Second, alternative strategies may exist to select the most important variables. Our strategy is based on considering the number of exposures as a tuning parameter using cross-validation and visually inspecting the exposures that substantially contribute to the prediction performance. There is room for interpretation differences here. Furthermore, the interpretation is strengthened by the modest contribution by many exposome variables. Such exposures may in truth be associated, but based on a prediction performance based metric they tend to be not as easily identified. It may therefore be more worthwhile to look at alternative variable selection strategies38.39or the use of p-values in variable importance40.41. Furthermore, strongly correlated exposures may be more difficult to interpret in variable importance rankings, and may require other approaches to improve interpretation42.
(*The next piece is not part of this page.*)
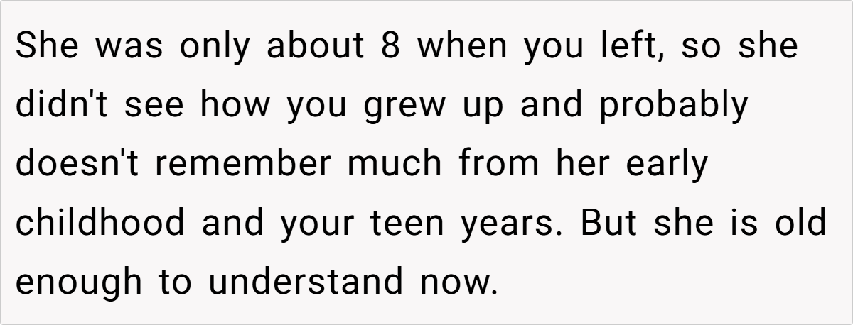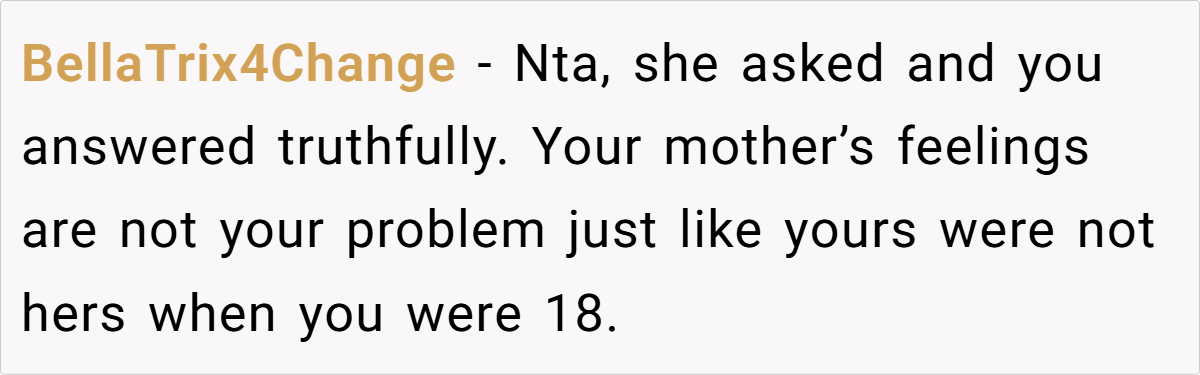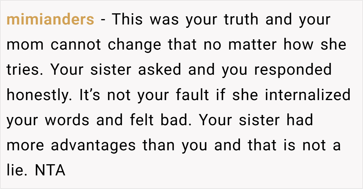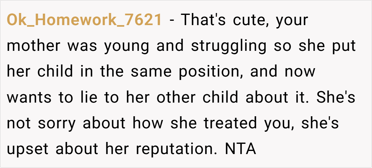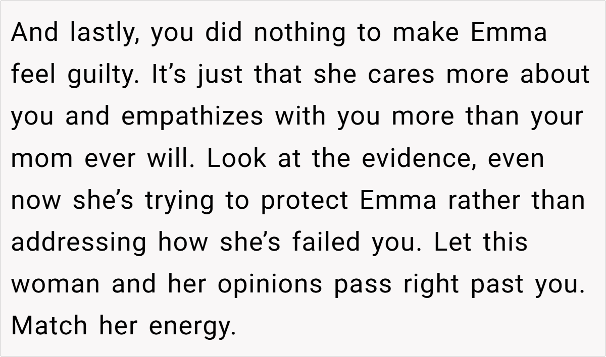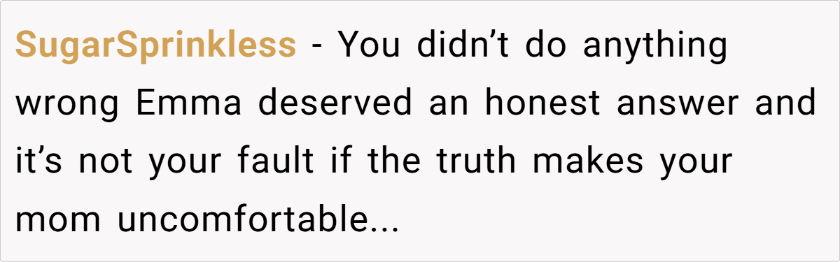 When Emma asked why OP wasn’t around as much, OP gave her an honest answer—that once she turned 18, she had to figure life out on her own while their mom and stepfather focused on Emma. Emma was shocked by this revelation and told their mom, who is now furious at OP for making Emma “feel guilty.” Now OP is wondering: Was she wrong for telling the truth? Or is her mom just avoiding accountability?

Third, our approach does not take into account potential informative censoring and / or missingness in longitudinal studies. The dropout of individuals may be related to their characteristics, and some approaches have been developed to deal with this43.44.
Fourth, our approach has not taken into account class imbalance in the outcome. When the dataset is highly imbalanced, ie one class of the outcome is strongly overrepresented compared to another class, the ML algorithm will mainly focus on predicting the majority class well, whereas the minority class is most likely to be the class of interest45. Class imbalance in our case study was limited, but in cases of severe imbalance (eg where one class of the outcome for example includes 1% and the other 99% of the cases), it may be worthwhile to apply a balancing technique such as over -sampling or under-sampling45.46.
Finally, it is important to note that the proposed approach focuses on prediction of a health outcome and it does not aim to estimate causal effects. Although there has been less emphasis in the literature on using ML for causal inference, this is currently a highly emerging field of research9. Some interesting new developments include for example causal forests and causal structure learning47.48.